Urban fiscal crises disproportionately hurt low-income communities of colour, especially in localities with high public debt, high demand for public services and poor public infrastructure (Pulido, 2016). While more fiscally-resilient localities can use financialisation strategies, such as restructuring bond and equity returns or refinancing infrastructure debt (Pryke and Allen, 2019), localities with higher concentrations of poverty and debt resort to less sustainable and often riskier options, including borrowing from private lenders then defaulting (Pulido, 2016) and the over-enforcement of regressive revenue sources (i.e. “policing-for-profit”) (Mughan, 2021). Given the racial tax state and the existing structures that allow racialised minorities and poor communities to be discriminately targeted and disproportionately fined, fiscal crises have inequitable consequences that only further perpetuate existing inequality.
Data and methods
We estimate the determinants of a city’s reliance on FFF by utilising fixed-effect models on city-level panel data. This dataset covers 452 California cities with observations from 2002 to 2016. The fixed-effect specification is used to account for time-invariant unobserved heterogeneity within cities and metropolitan regions.
Data
Fiscal data, including revenue sources and expenditures, are drawn from the California State Controller Office’s Cities Annual Reports. Revenue sources are categorised by different types of taxes and nontax alternatives, such as fines. Expenditure amounts are categorised by use, including public safety and transportation. Demographic and socio-economic data, including poverty rate, unemployment rate and racial/ethnic composition, are from the American Community Survey (ACS) administered by the US Census Bureau. All socio-economic and demographic data from the ACS have been linearly interpolated from the 2000 and 2010 decennial census and the 2012–2016 five-year ACS estimate (values centred on 2014). Voter registration data was compiled from public documents available on the Secretary of State Office’s website. 1 The total number of observations in this data after excluding cities with significant missing data is 6584, representing 452 different California cities over multiple years during our study period (i.e., separate observations for the same city but at various years). A robustness check including interpolated data for these cities is discussed further in the results section.
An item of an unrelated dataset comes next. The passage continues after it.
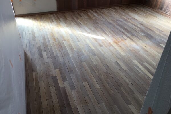 無垢のフローリングを自動カンナとオービタルサンダーで削り出してます。 クリアーを吹いて研いでを何度も繰り返して仕上げて行きます! 元の綺麗さを取り戻しました!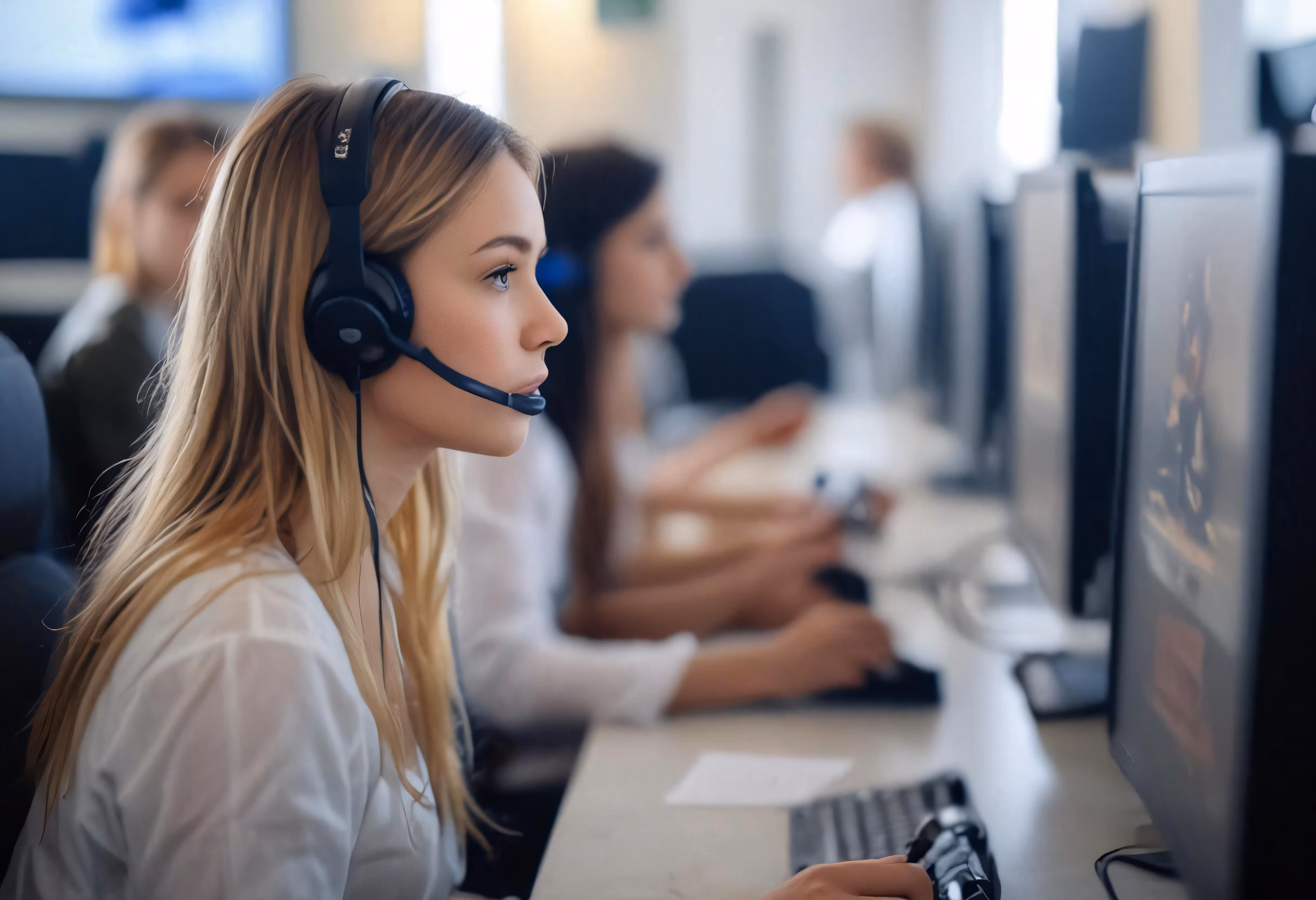 High resolution picture, free to use, the official logo for the 50 /an office call center worker with headphones and two monitors

Our outcome variable measures the reliance on FFF-based nontax revenue sources as a percentage of all own-source revenue. These sources, along with their average share of the total across all city-year observations, include functional and general revenue vehicle code fines (m = 48%), functional and general revenue forfeiture penalties (m = 17%), library fines and fees (m = 3%), transit revenue (m = 11%) and ‘other fines’ (m = 21%). Total own-source revenue includes all general and functional revenue and excludes intergovernmental transfers. We assume contemporaneous changes since FFF are one of the only revenue streams that local government can adjust in the moment – unlike taxes. In addition, because local government’s reliance on revenue from FFF can be retroactive in addressing revenue gaps or can change in anticipation of future expenses, we believe assuming contemporaneous changes is a logical middle ground.
Explanatory and control variables can be categorised as either social, fiscal, economic or political. Social variables include demographic information about racial/ethnic composition and the proportion of residents who are foreign-born. The model disaggregates racial/ethnic minority groups instead of a total number representing all racial minorities to account for possible variances across racial/ethnic groups and racial/ethnic prejudices. In California, intergroup relations have moved beyond a white-Black dichotomy where discrimination and relationships among racial/ethnic minority groups have intensified (Dovidio et al., 2010). Proportion of foreign-born is included though this effect may be absorbed by the proportion of Latinx/Hispanic because of California’s large and concentrated immigrant Latinx/Hispanic population that is disproportionately policed and fined compared to other immigrant groups (Harris et al., 2011; Vaquera et al., 2014). Additional social variables include an index of city-level racial and ethnic diversity; a quadratic specification of total population to account for nonlinear effects by city size, population density, the proportion of residents aged 65 or older, the proportion of residents who are homeowners, and total crime per capita.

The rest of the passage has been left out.